Network science is increasingly curious regarding this situation, dealing with confusion using the concept of overlap in community finding. Multi-functional molecules, genes and proteins, for example, act as drugs and drug targets, where confusion needs to be moderated in order to hit the target, while minimizing unwanted side effects. Similar situations arise in social life. Only recently it has become possible in network science to deal with such phenomena in an efficient way. Network science initially mostly focused on identifying discrete communities, as finding them is much more simple in terms of computation. In such a perfect world where all communities are discrete, there is no confusion, or, one should better say, confusion is ignored. In such a perfect world the confusion or co-occurrence matrix can be sorted so that all communities form squares or rectangles along the matrix diagonal. In a more complicated case, neighboring communities are overlapping, forming sub-communities in between two almost discrete communities, say all people belonging to the same company while also belonging to the same family. It is easy to imagine more complicated cases. At the other end of the spectrum we find all-out complex overlap, which is hard to imagine or visualize in terms of sorting the matrix. It may well be true, however, that complex overlap is crucial for the survival of the system in question.

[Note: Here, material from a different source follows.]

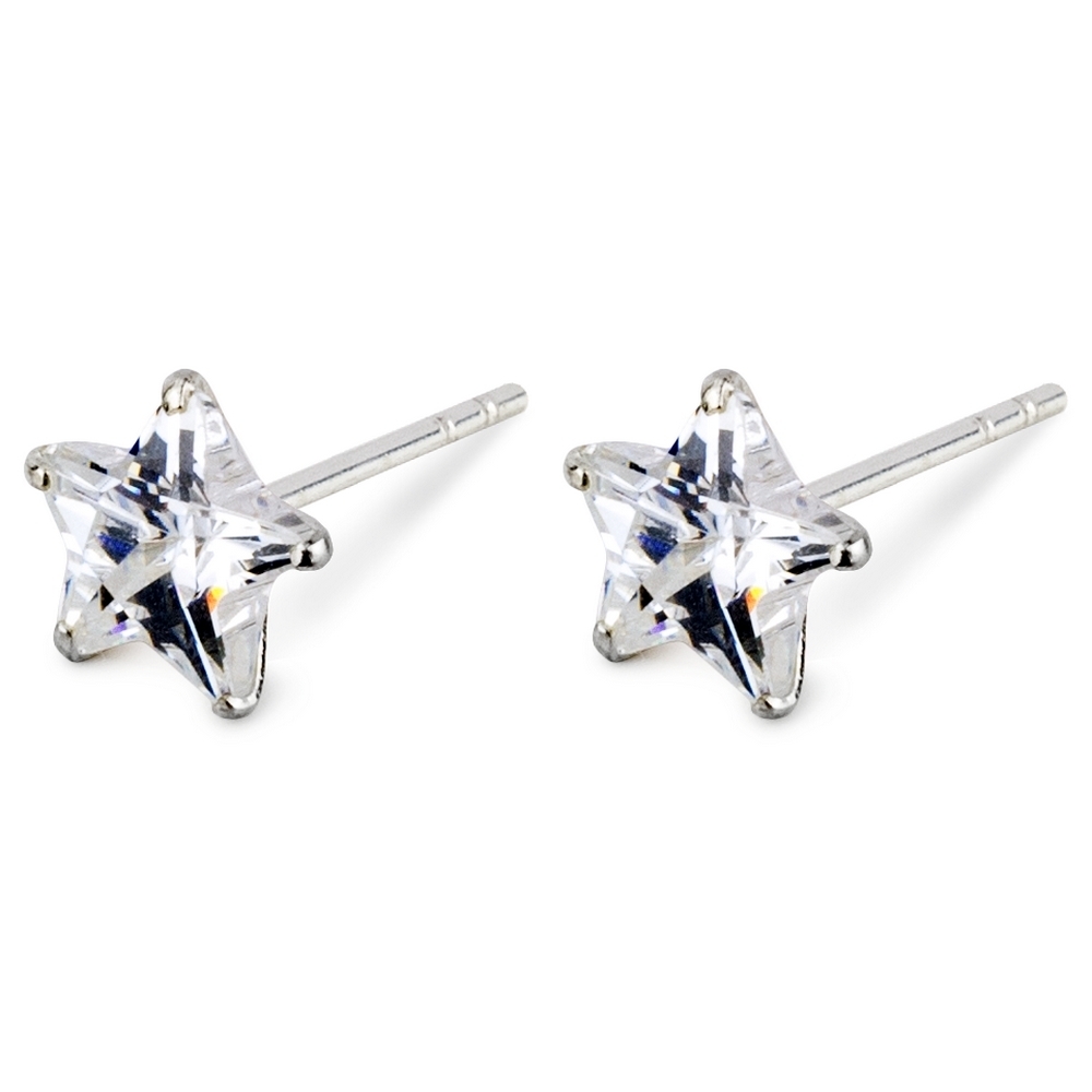 Stud Earring Star Made With 925 Silver & Crystal Glass

There is a known case, where confusion by design is desirable. A highly cited concept in material science, which was introduced 23 years ago in a news item, Greer's so-called principle of confusion applies to the formation of metallic glass. In short, the principle states that using a greater variety of metal atoms to form a glass is more convenient due to the resulting impurities giving the material less chance to crystallize. This allows for larger objects of glass with interesting material properties, such as being stronger than steel. The convenience of larger confusion is counter-intuitive, as it is increasingly harder to determine the material properties of a glass the larger the variety of metals involved. It would not be surprising to see something like Greer's principle of confusion applied to other systems as well.

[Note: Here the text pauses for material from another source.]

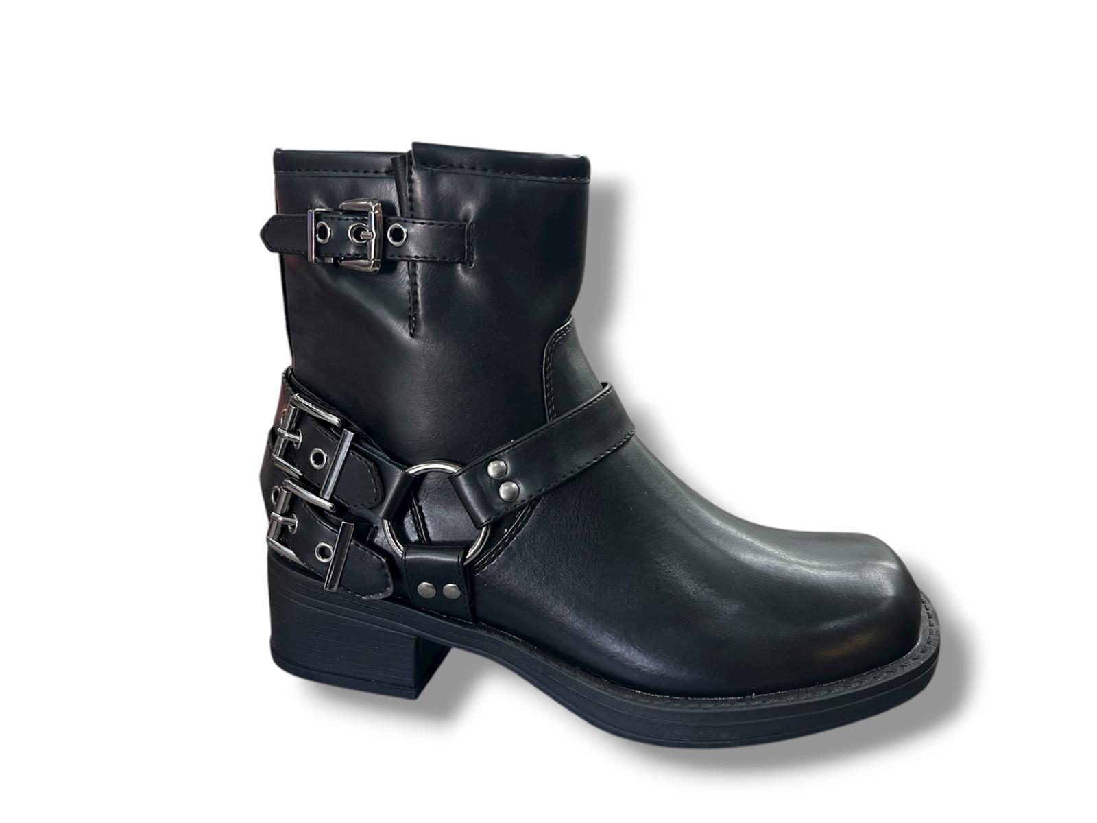 25319 Botín para señora tipo motorista con cremallera lateral de color negro

While such questions await solution, as a take home, we should expect critical amounts of confusion in many real life systems, with the optimum in between but not identical with perfect discreteness or perfect homogeneity. Further identifying, understanding, and successfully moderating patterns of confusion in real systems is an ongoing challenge. Solving this challenge is likely essential in a great variety of fields, from materials and medicine to social justice and the ethics of artificial intelligence. Science will help us to clarify, if possible to embrace, and if necessary to avoid confusion. Of course, we should use caution, as the moderation of confusion can be used for peace and war, much like the rods in a nuclear reactor—with the difference that switching off confusion in a social system may be just as deadly.